This is using the .ssh folder in my c:\users\ben\ folder, which is what is used by msysgit. I suspect cygwin works because the .ssh folder is located elsewhere, but I'm not sure why

In Git Bash, I check the permissions:

$ ls -l -a ~/.ssh

Which gives me:

drwxr-xr-x    2 Ben      Administ        0 Oct 12 13:09 .    
drwxr-xr-x   34 Ben      Administ     8192 Oct 12 13:15 ..    
-rw-r--r--    1 Ben      Administ     1743 Oct 12 12:36 id_rsa
-rw-r--r--    1 Ben      Administ      399 Oct 12 12:36 id_rsa.pub    
-rw-r--r--    1 Ben      Administ      407 Oct 12 13:09 known_hosts

These permissions are apparently too relaxed. How they got this way, I have no idea.

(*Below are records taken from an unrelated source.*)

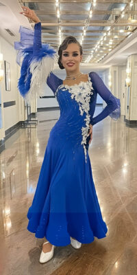 SK-LBE13 EMクチュールがドイツのトップ選手のために制作したロイヤルブルーに白のレースを組み合わせた長袖のスタンダードドレス(9号)
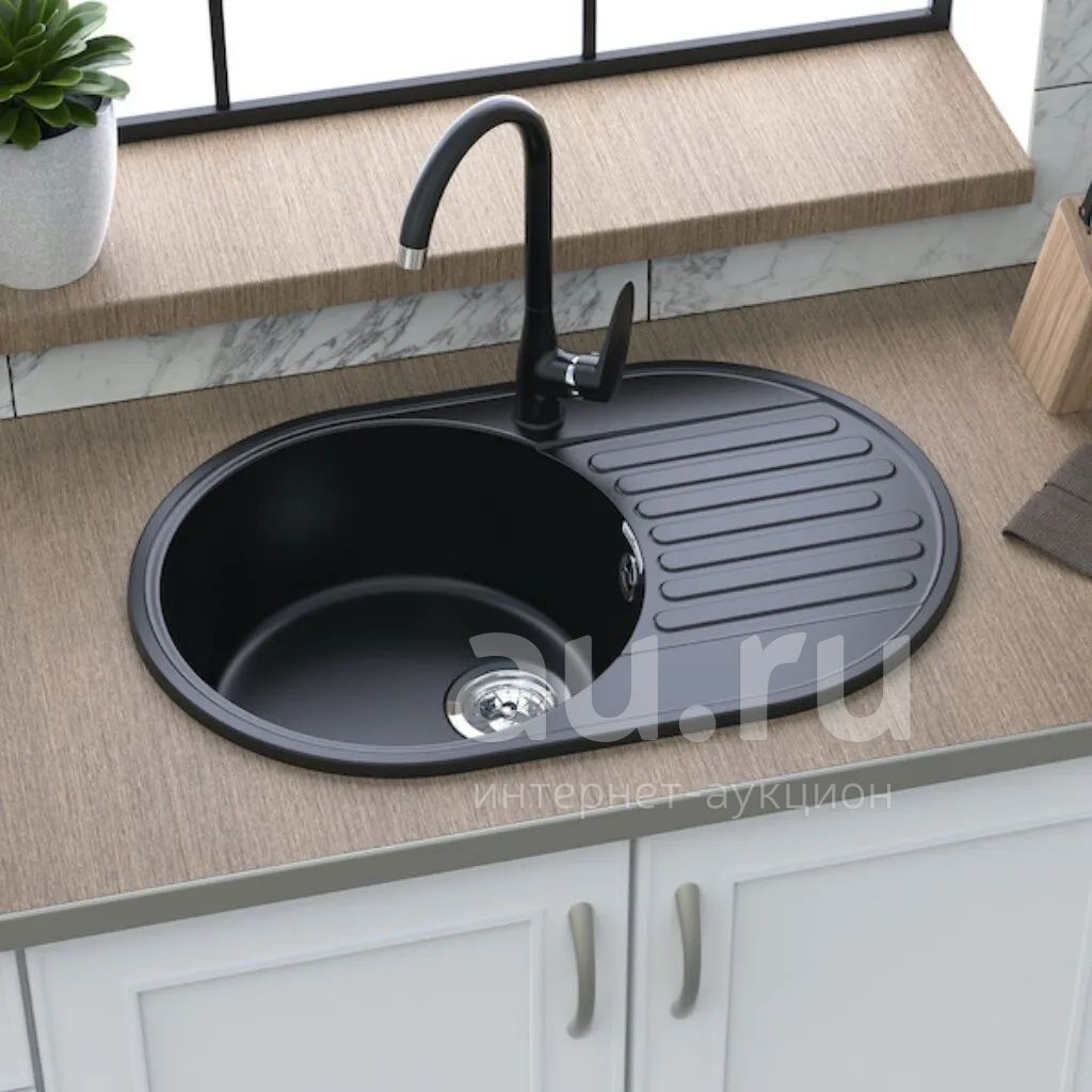 Мойка кухонная врезная, GranFest, Quarz, кварцевый песок, 737х478 мм, без сифона, черная, GF-Z18
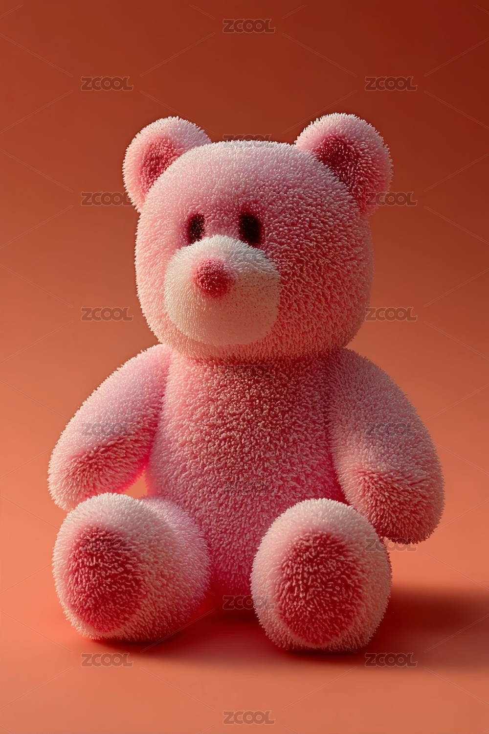 粉色,简单,背景,可爱,白色,耳朵,坐姿,熊,毛绒,玩偶
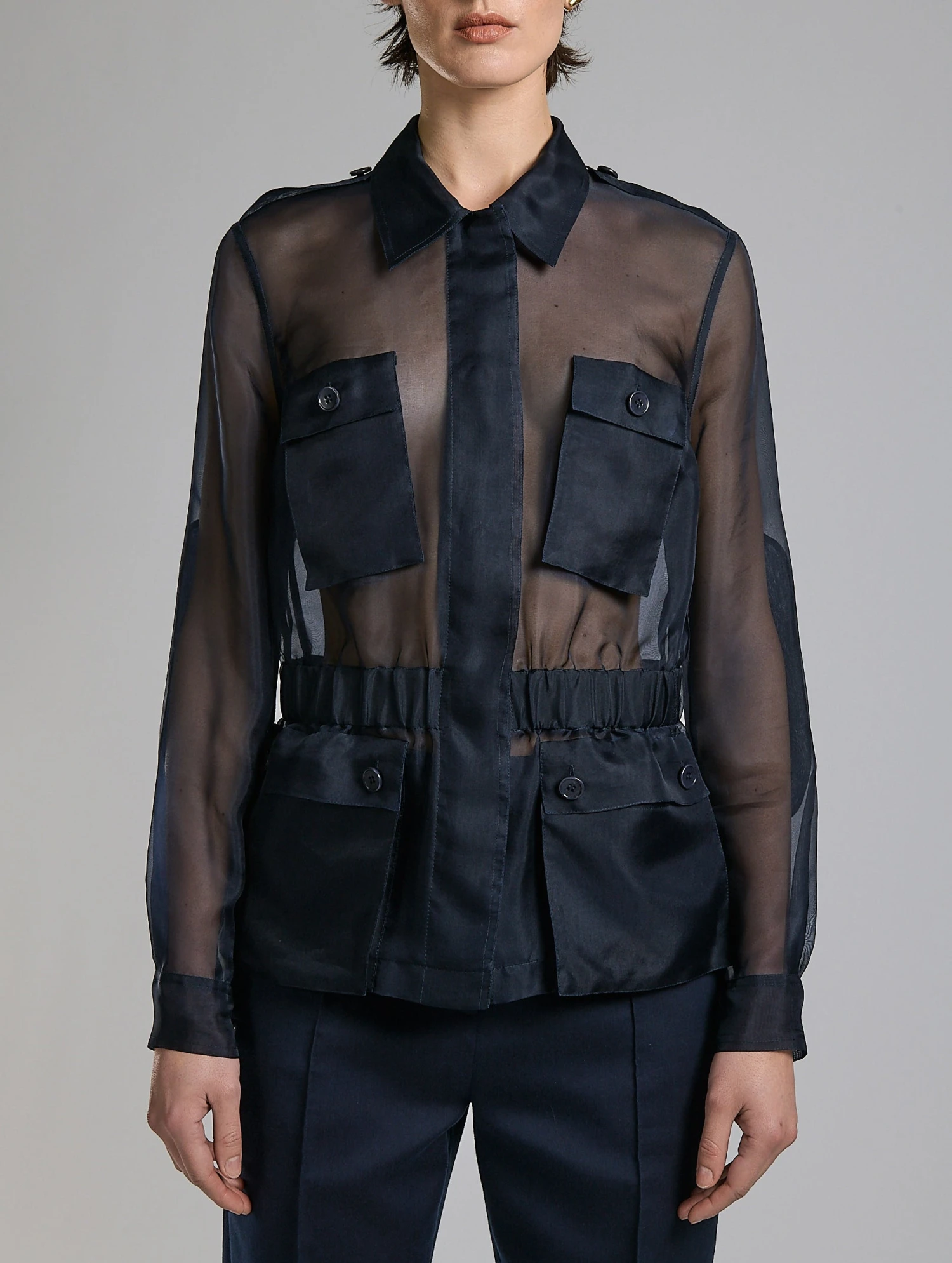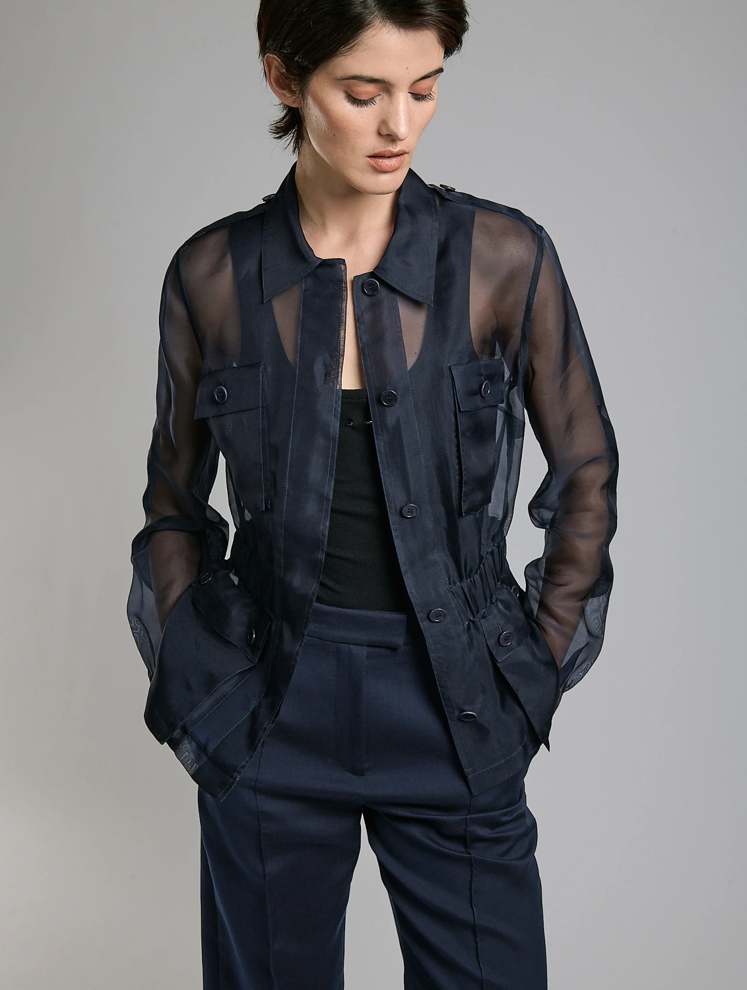 Veste Saharienne En Organza De Soie Marine
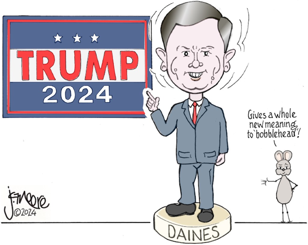 The Daines doll June 20, 2024 ~ jcolemanmoore This is a reworking of a cartoon from May 2023. Share this: Click to share on X (Opens in new window) X Click to share on Facebook (Opens in new window) Facebook Like Loading... Related Published by jcolemanmoore View all posts by jcolemanmoore
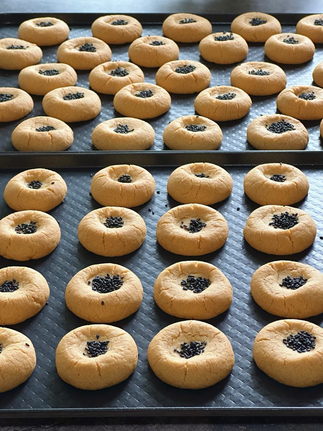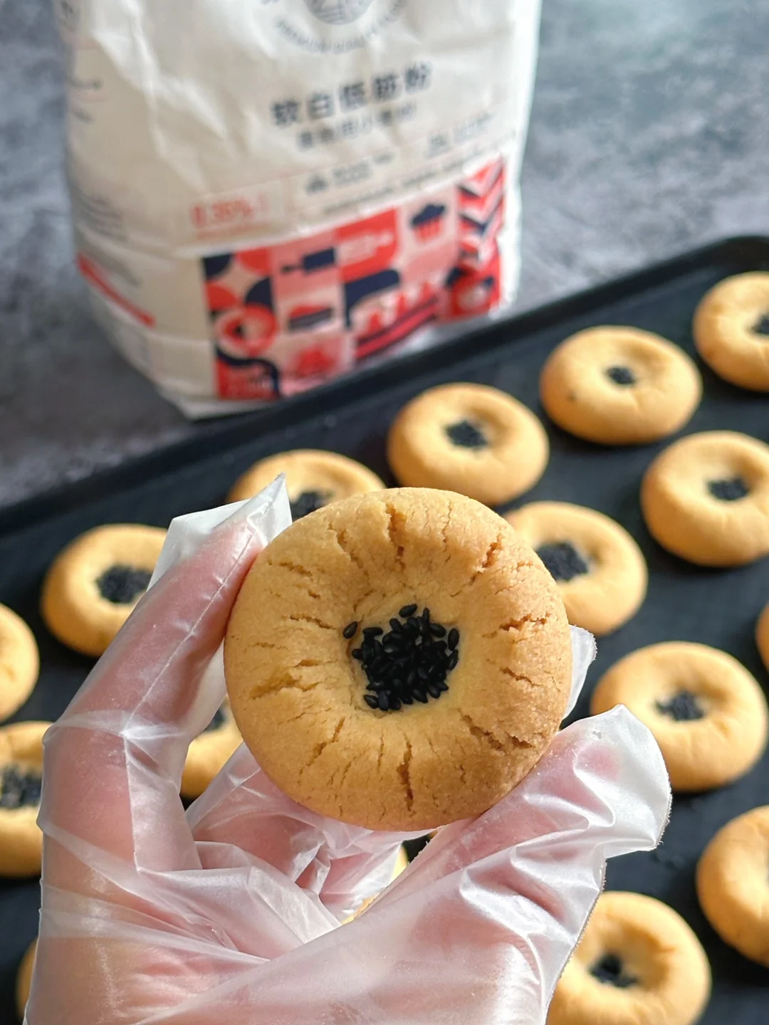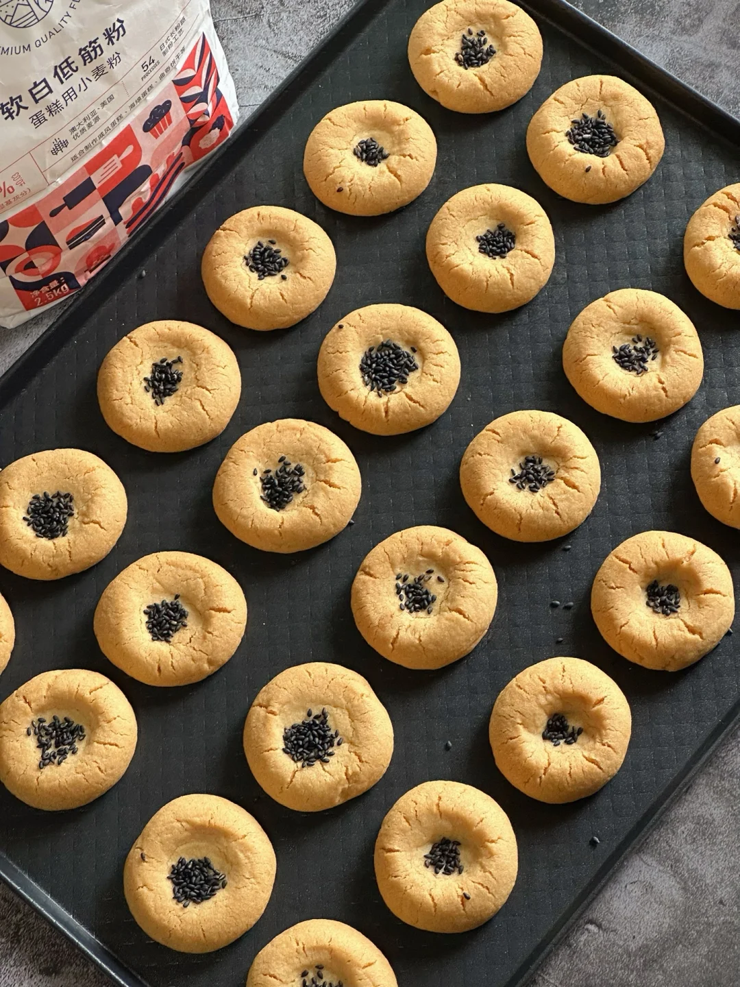 3️⃣筛入低筋粉,用刮刀切拌至无干粉,再用手抓捏成团。分成18-19g/个的小面团,搓圆,每个面团中间戳个洞,撒上黑芝麻。

I can try to change them...

$ chmod -v -R 600 ~/.ssh

which tells me:

mode of `.ssh' changed to 0600 (rw-------)
mode of `.ssh/id_rsa' changed to 0600 (rw-------)
mode of `.ssh/id_rsa.pub' changed to 0600 (rw-------)
mode of `.ssh/known_hosts' changed to 0600 (rw-------)

But it seems to have no effect. I still get the same error, and doing

$ ls -l -a ~/.ssh

yields the same permissions as before.

UPDATE:

I tried to fix the permissions to those files in cygwin, and cygwin reports their permissions correctly, gitbash does not:
alt text http://cdn.cloudfiles.mosso.com/c54102/app7962031255448924.jpg

Any ideas on how I can really fix these permissions?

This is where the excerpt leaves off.